Given records section start

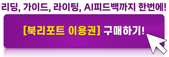 이용권 하나로 "리딩, 가이드 수업, 라이팅, AI피드백"까지 완벽하게 학습할 수 있는 [북리포트 이용권]을 알고 계셨나요?
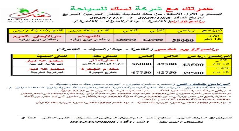 و 3/11/2025 برنامج 10 ايام( القاهرة - جدة / المدينة - القاهرة ) |
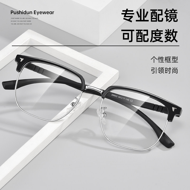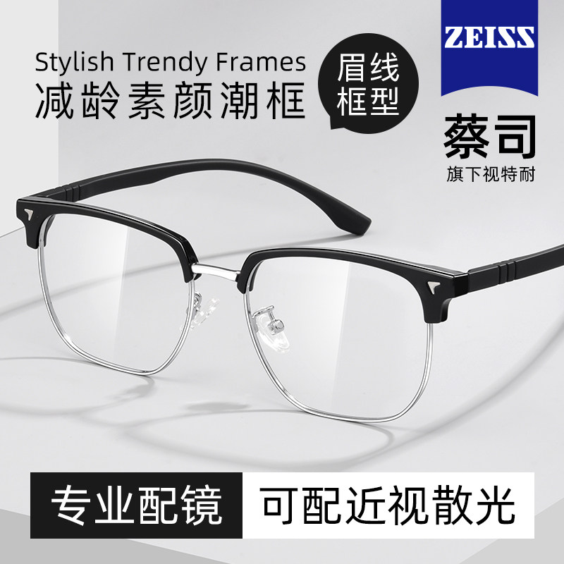 蔡司半框近视眼镜男款可配度数镜片眼镜框男款防蓝光丹阳眼镜工厂
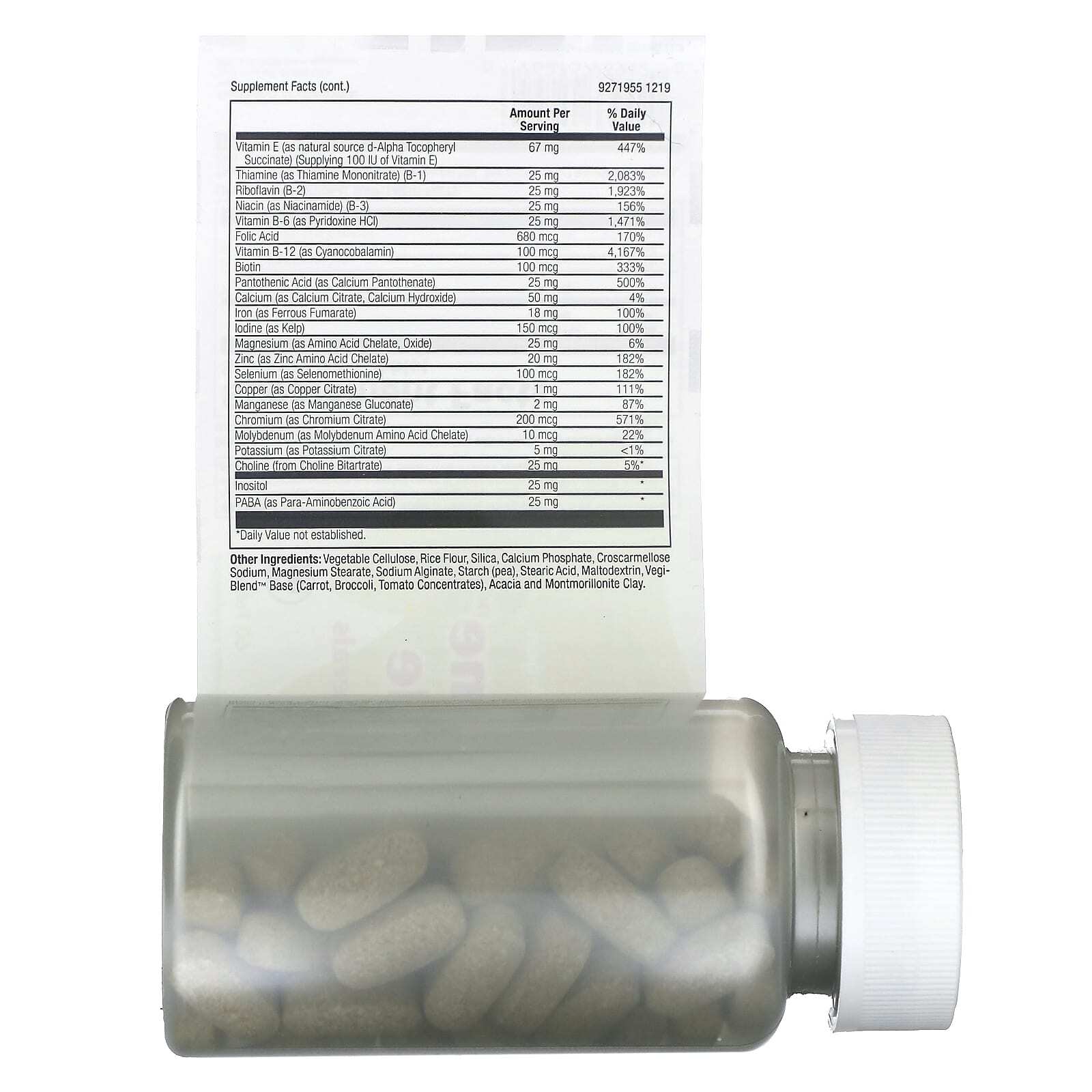Растительная целлюлоза, рисовая мука, диоксид кремния, фосфат кальция, кроскармеллоза натрия, стеарат магния, альгинат натрия, крахмал (гороховый), стеариновая кислота, мальтодекстрин, основа VegiBlend™ (морковь, брокколи, концентраты томатов), акация и монтмориллонитовая глина.
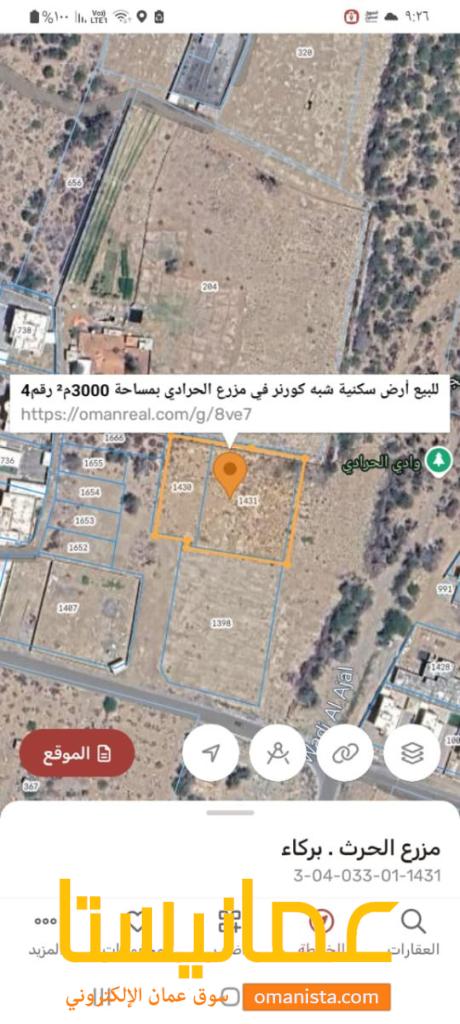 _ للبيع ارض سكنية شبه كورنر ممتازة ، في بركاء في مزرع الحرادي ، حواليها منازل قائمة ، رقم القطعة (4) .

Given records section end

### What is required
Only the text of the records belongs in your answer, repeated exactly; the pictures stay out.

### Answer to this exercise
 이용권 하나로 "리딩, 가이드 수업, 라이팅, AI피드백"까지 완벽하게 학습할 수 있는 [북리포트 이용권]을 알고 계셨나요?
 و 3/11/2025 برنامج 10 ايام( القاهرة - جدة / المدينة - القاهرة ) |
 蔡司半框近视眼镜男款可配度数镜片眼镜框男款防蓝光丹阳眼镜工厂
Растительная целлюлоза, рисовая мука, диоксид кремния, фосфат кальция, кроскармеллоза натрия, стеарат магния, альгинат натрия, крахмал (гороховый), стеариновая кислота, мальтодекстрин, основа VegiBlend™ (морковь, брокколи, концентраты томатов), акация и монтмориллонитовая глина.
 _ للبيع ارض سكنية شبه كورنر ممتازة ، في بركاء في مزرع الحرادي ، حواليها منازل قائمة ، رقم القطعة (4) .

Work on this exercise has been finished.